▶ Exercise
The task requires repeating, word for word, the lines from the one with "Dave Jennings is" through the end of the material, leaving out all pictures.

▶ Data extract
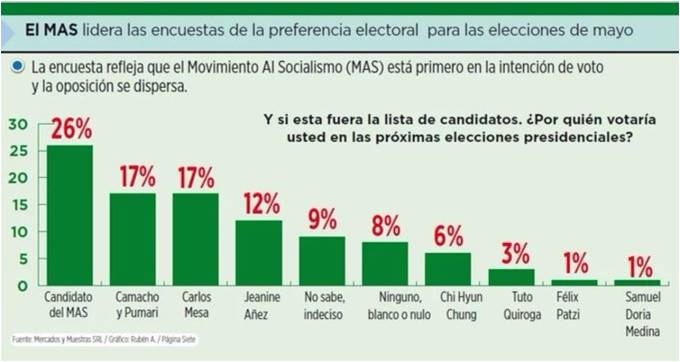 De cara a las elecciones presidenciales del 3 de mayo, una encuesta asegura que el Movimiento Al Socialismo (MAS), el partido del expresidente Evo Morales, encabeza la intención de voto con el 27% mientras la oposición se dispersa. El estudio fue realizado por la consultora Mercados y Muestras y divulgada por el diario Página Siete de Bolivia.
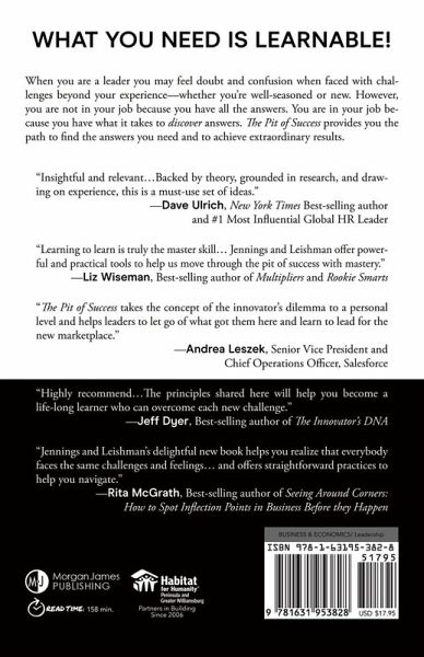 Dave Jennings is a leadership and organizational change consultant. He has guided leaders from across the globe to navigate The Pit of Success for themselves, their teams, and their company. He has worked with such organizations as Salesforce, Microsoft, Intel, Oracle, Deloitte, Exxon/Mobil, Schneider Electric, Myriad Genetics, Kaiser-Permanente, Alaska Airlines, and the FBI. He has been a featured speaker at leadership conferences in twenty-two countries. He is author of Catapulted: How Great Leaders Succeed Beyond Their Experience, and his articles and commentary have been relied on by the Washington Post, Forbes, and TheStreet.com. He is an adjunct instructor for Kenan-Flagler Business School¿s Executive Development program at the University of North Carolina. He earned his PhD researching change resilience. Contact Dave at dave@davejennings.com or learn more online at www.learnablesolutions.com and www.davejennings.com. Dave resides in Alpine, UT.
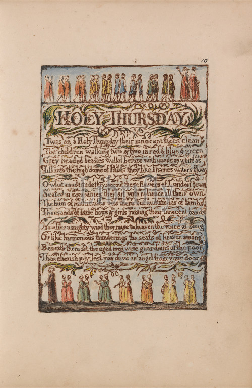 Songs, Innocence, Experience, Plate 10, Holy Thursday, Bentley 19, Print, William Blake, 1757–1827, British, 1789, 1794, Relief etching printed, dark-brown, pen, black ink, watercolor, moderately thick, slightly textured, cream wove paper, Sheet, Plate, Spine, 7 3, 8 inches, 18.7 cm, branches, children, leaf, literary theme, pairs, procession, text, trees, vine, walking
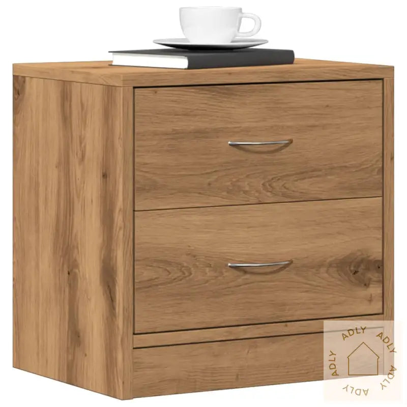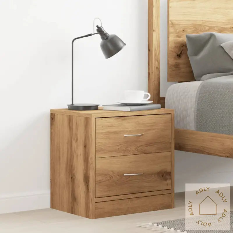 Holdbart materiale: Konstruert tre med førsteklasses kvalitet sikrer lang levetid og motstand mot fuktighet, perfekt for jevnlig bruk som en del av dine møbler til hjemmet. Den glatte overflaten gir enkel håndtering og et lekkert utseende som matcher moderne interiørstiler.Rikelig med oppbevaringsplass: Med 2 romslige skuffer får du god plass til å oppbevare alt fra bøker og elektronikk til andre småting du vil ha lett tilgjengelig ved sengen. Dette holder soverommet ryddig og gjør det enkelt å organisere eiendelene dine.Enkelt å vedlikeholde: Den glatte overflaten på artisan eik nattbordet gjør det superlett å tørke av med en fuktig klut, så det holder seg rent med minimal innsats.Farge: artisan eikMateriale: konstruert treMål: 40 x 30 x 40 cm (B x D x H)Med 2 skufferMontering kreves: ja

▶ Solution to the problem
 Dave Jennings is a leadership and organizational change consultant. He has guided leaders from across the globe to navigate The Pit of Success for themselves, their teams, and their company. He has worked with such organizations as Salesforce, Microsoft, Intel, Oracle, Deloitte, Exxon/Mobil, Schneider Electric, Myriad Genetics, Kaiser-Permanente, Alaska Airlines, and the FBI. He has been a featured speaker at leadership conferences in twenty-two countries. He is author of Catapulted: How Great Leaders Succeed Beyond Their Experience, and his articles and commentary have been relied on by the Washington Post, Forbes, and TheStreet.com. He is an adjunct instructor for Kenan-Flagler Business School¿s Executive Development program at the University of North Carolina. He earned his PhD researching change resilience. Contact Dave at dave@davejennings.com or learn more online at www.learnablesolutions.com and www.davejennings.com. Dave resides in Alpine, UT.
 Songs, Innocence, Experience, Plate 10, Holy Thursday, Bentley 19, Print, William Blake, 1757–1827, British, 1789, 1794, Relief etching printed, dark-brown, pen, black ink, watercolor, moderately thick, slightly textured, cream wove paper, Sheet, Plate, Spine, 7 3, 8 inches, 18.7 cm, branches, children, leaf, literary theme, pairs, procession, text, trees, vine, walking
 Holdbart materiale: Konstruert tre med førsteklasses kvalitet sikrer lang levetid og motstand mot fuktighet, perfekt for jevnlig bruk som en del av dine møbler til hjemmet. Den glatte overflaten gir enkel håndtering og et lekkert utseende som matcher moderne interiørstiler.Rikelig med oppbevaringsplass: Med 2 romslige skuffer får du god plass til å oppbevare alt fra bøker og elektronikk til andre småting du vil ha lett tilgjengelig ved sengen. Dette holder soverommet ryddig og gjør det enkelt å organisere eiendelene dine.Enkelt å vedlikeholde: Den glatte overflaten på artisan eik nattbordet gjør det superlett å tørke av med en fuktig klut, så det holder seg rent med minimal innsats.Farge: artisan eikMateriale: konstruert treMål: 40 x 30 x 40 cm (B x D x H)Med 2 skufferMontering kreves: ja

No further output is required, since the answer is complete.